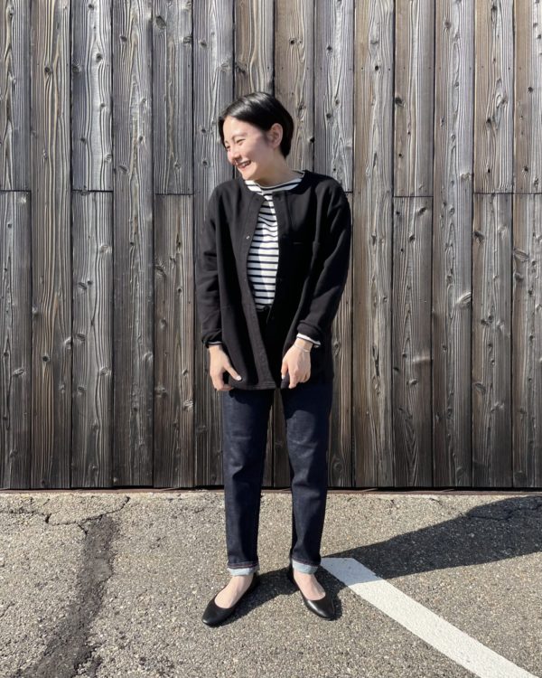 今回は黒のパンツと合わせてかっこいい感じに。
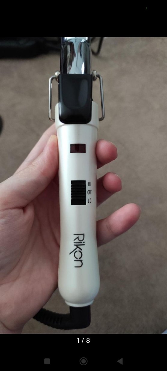 Riken markalı beyaz saç şekillendirici, ayarlanabilir ısı seçenekleri (Hi, Off, Lo) ile pratik kullanım sağlar. ✨
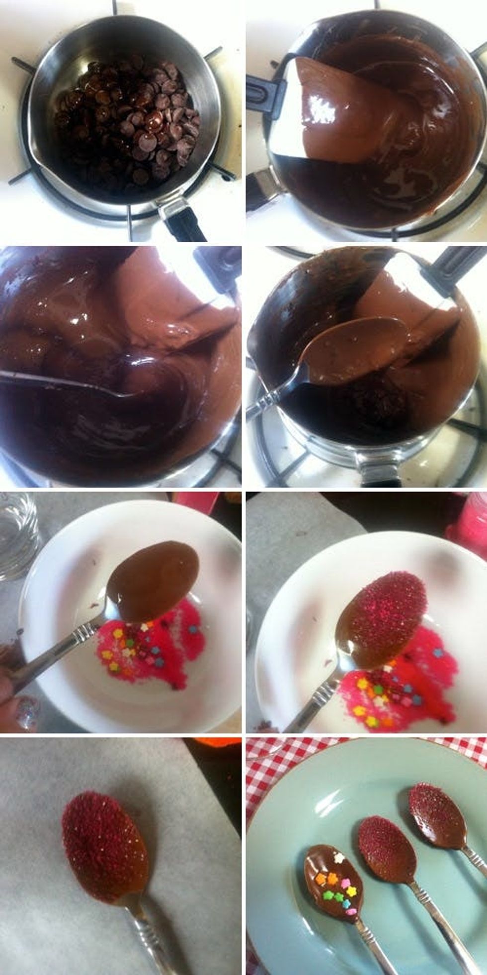 Dip your spoon in, shake off excess chocolate (the spoon should not be dripping), add sprinkles (or crushed candy cane, crushed Oreos, etc) and set down on parchment paper to cool. To speed up the process, you can place them in the fridge or freezer. If you don’t have time for this, use Nutella instead! For our hot chocolate day, we put finished spoons out on a plate but they also make great gifts if you wrap them in parchment paper with a ribbon.

### Exercise:
Would you copy out the data exactly, leaving every picture out?

### Answer box:
 今回は黒のパンツと合わせてかっこいい感じに。
 Riken markalı beyaz saç şekillendirici, ayarlanabilir ısı seçenekleri (Hi, Off, Lo) ile pratik kullanım sağlar. ✨
 Dip your spoon in, shake off excess chocolate (the spoon should not be dripping), add sprinkles (or crushed candy cane, crushed Oreos, etc) and set down on parchment paper to cool. To speed up the process, you can place them in the fridge or freezer. If you don’t have time for this, use Nutella instead! For our hot chocolate day, we put finished spoons out on a plate but they also make great gifts if you wrap them in parchment paper with a ribbon.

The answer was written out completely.